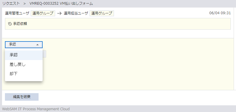 - メール通知のリンクもしくは、ダッシュボード画面/リクエスト一覧画面から対象リクエストにアクセスします。
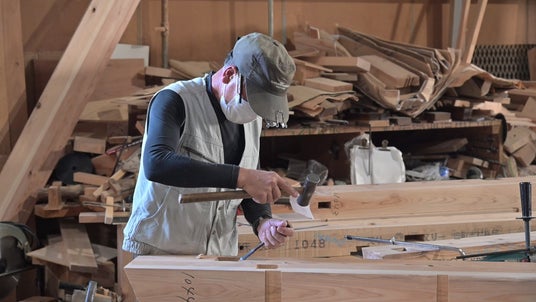 CADで設計されたデータに基づき、プレカット工場で材を加工します。最新鋭の自動機械による加工と併せて熟練の大工職人を配置。一般のプレカット工場で敬遠されがちな複雑な加工を大工職人が伝統の技でこなします。
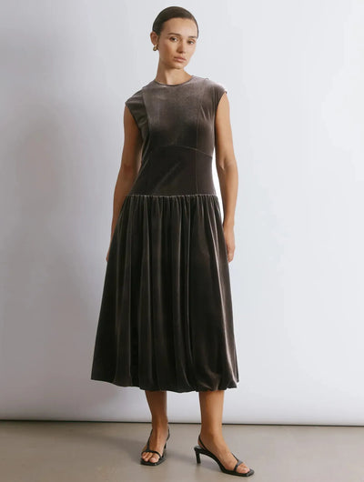 Turn heads in Velvet Puff Ball Midi Dress, where classic elegance meets contemporary flair. Crafted in luxurious stretch velvet in a rich mole shade, this midi dress features an elegant round neckline and chic cap sleeves for a polished finish. The playful bubble hem adds volume and movement, creating a flattering silhouette that exudes charm and confidence. Perfect for special occasions, this dress offers the ideal balance of comfort and standout style.
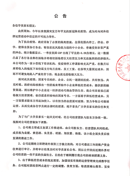 公告稱(chēng),公司成立由股東和老師組成的復(fù)課工作推進(jìn)組,申請(qǐng)?jiān)缛諒?fù)課,時(shí)間初定于6月中旬;并將聘請(qǐng)外部第三方獨(dú)立機(jī)構(gòu)審計(jì)賬戶(hù)資金,澄清不實(shí)經(jīng)營(yíng)傳言;還將取消寶安、南山兩個(gè)經(jīng)營(yíng)網(wǎng)點(diǎn),所有美育學(xué)生安排去福田上課。
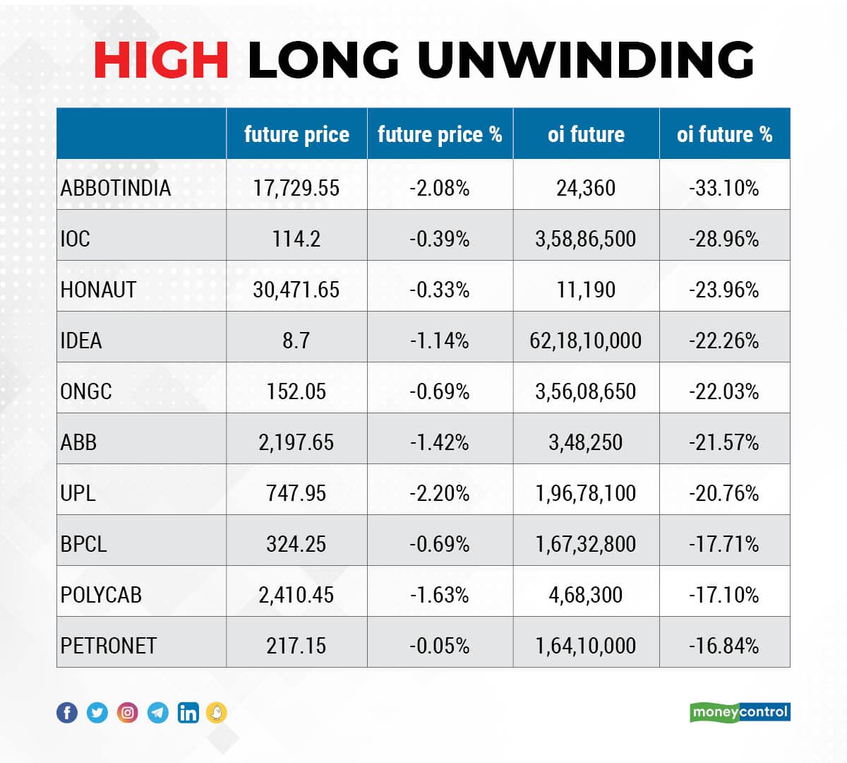 A decline in open interest, along with a decrease in price, mostly indicates a long unwinding. Based on the open interest future percentage, here are the top 10 stocks including Abbott India, IOC, Honeywell Automation, Vodafone Idea, and ONGC, in which long unwinding was seen.
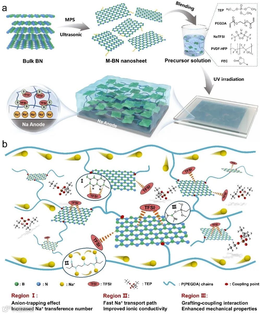氮化硼纳米片化学耦合阻燃凝胶聚合物电解质实现无枝晶钠金属电池
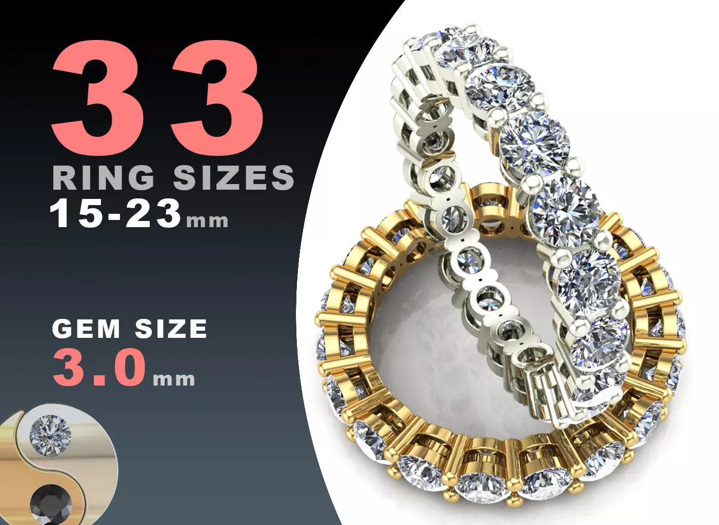 Finger size diameters (mm): from 15.0 till 23.0 in increments 0,25 mmWeight in 14K gold is from 2.1 g (size 15.0) till 3.0 (size 23.0)Stones, used here are 3.0 mm. Number of stones is from 19 pc (size 15.0) till 27 pc (size 23.0) and shown in a model.All models are in one .3DM / .STL / .OBJ / FBX file.
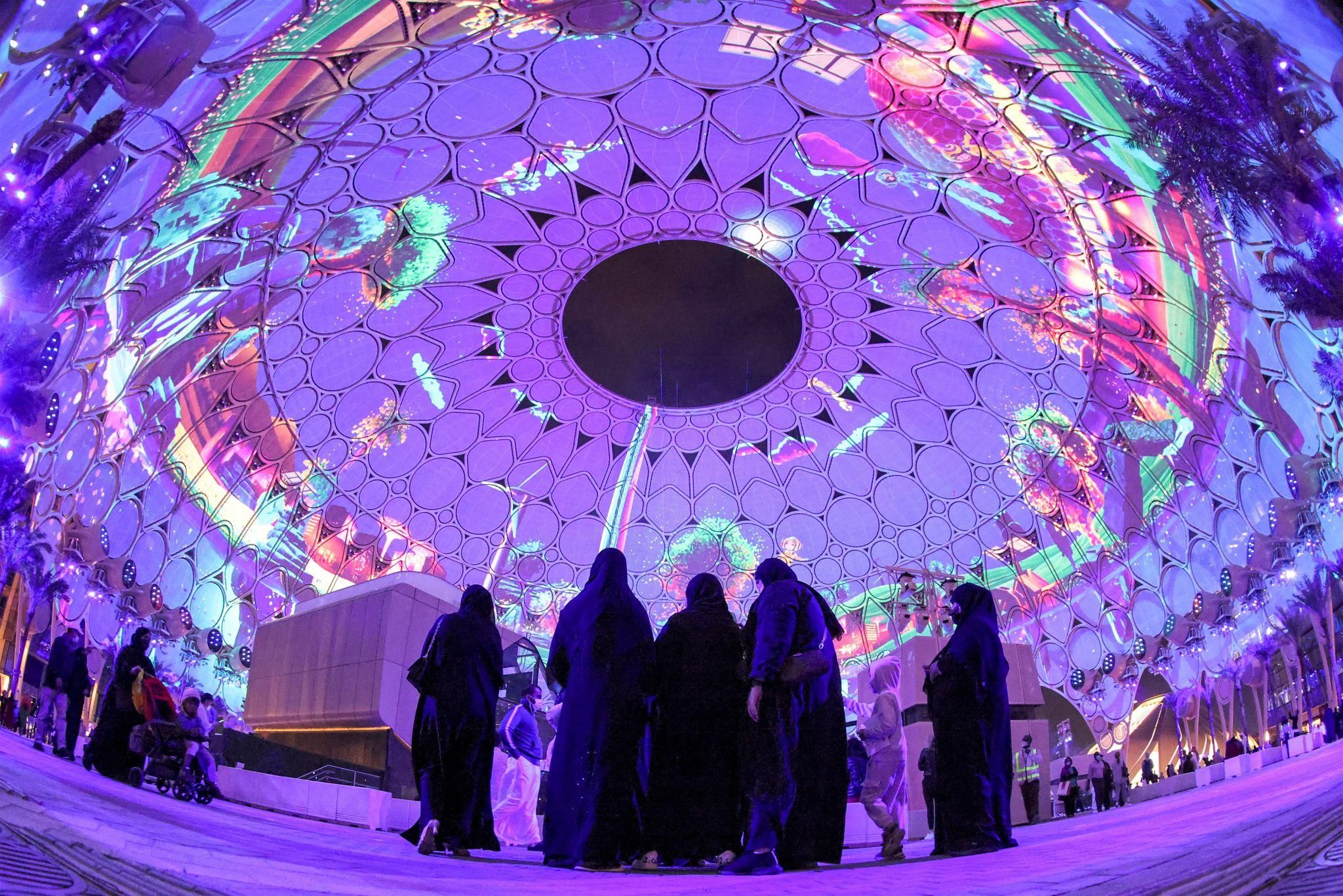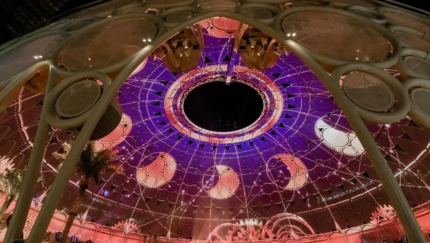Al Wasl Plaza à l’Exposition universelle de Dubaï (Expo 2020), immense coupole servant d’écran de projection à 360°, cœur spectaculaire du site où se déroulent cérémonies, spectacles et installations lumineuses.

-=-=-

**AIM OF THE TASK**
Give back every record exactly, dropping its pictures.

**THE COMPLETED TASK**
 - メール通知のリンクもしくは、ダッシュボード画面/リクエスト一覧画面から対象リクエストにアクセスします。
 CADで設計されたデータに基づき、プレカット工場で材を加工します。最新鋭の自動機械による加工と併せて熟練の大工職人を配置。一般のプレカット工場で敬遠されがちな複雑な加工を大工職人が伝統の技でこなします。
 Turn heads in Velvet Puff Ball Midi Dress, where classic elegance meets contemporary flair. Crafted in luxurious stretch velvet in a rich mole shade, this midi dress features an elegant round neckline and chic cap sleeves for a polished finish. The playful bubble hem adds volume and movement, creating a flattering silhouette that exudes charm and confidence. Perfect for special occasions, this dress offers the ideal balance of comfort and standout style.
 公告稱(chēng),公司成立由股東和老師組成的復(fù)課工作推進(jìn)組,申請(qǐng)?jiān)缛諒?fù)課,時(shí)間初定于6月中旬;并將聘請(qǐng)外部第三方獨(dú)立機(jī)構(gòu)審計(jì)賬戶(hù)資金,澄清不實(shí)經(jīng)營(yíng)傳言;還將取消寶安、南山兩個(gè)經(jīng)營(yíng)網(wǎng)點(diǎn),所有美育學(xué)生安排去福田上課。
 A decline in open interest, along with a decrease in price, mostly indicates a long unwinding. Based on the open interest future percentage, here are the top 10 stocks including Abbott India, IOC, Honeywell Automation, Vodafone Idea, and ONGC, in which long unwinding was seen.
氮化硼纳米片化学耦合阻燃凝胶聚合物电解质实现无枝晶钠金属电池
 Finger size diameters (mm): from 15.0 till 23.0 in increments 0,25 mmWeight in 14K gold is from 2.1 g (size 15.0) till 3.0 (size 23.0)Stones, used here are 3.0 mm. Number of stones is from 19 pc (size 15.0) till 27 pc (size 23.0) and shown in a model.All models are in one .3DM / .STL / .OBJ / FBX file.
Al Wasl Plaza à l’Exposition universelle de Dubaï (Expo 2020), immense coupole servant d’écran de projection à 360°, cœur spectaculaire du site où se déroulent cérémonies, spectacles et installations lumineuses.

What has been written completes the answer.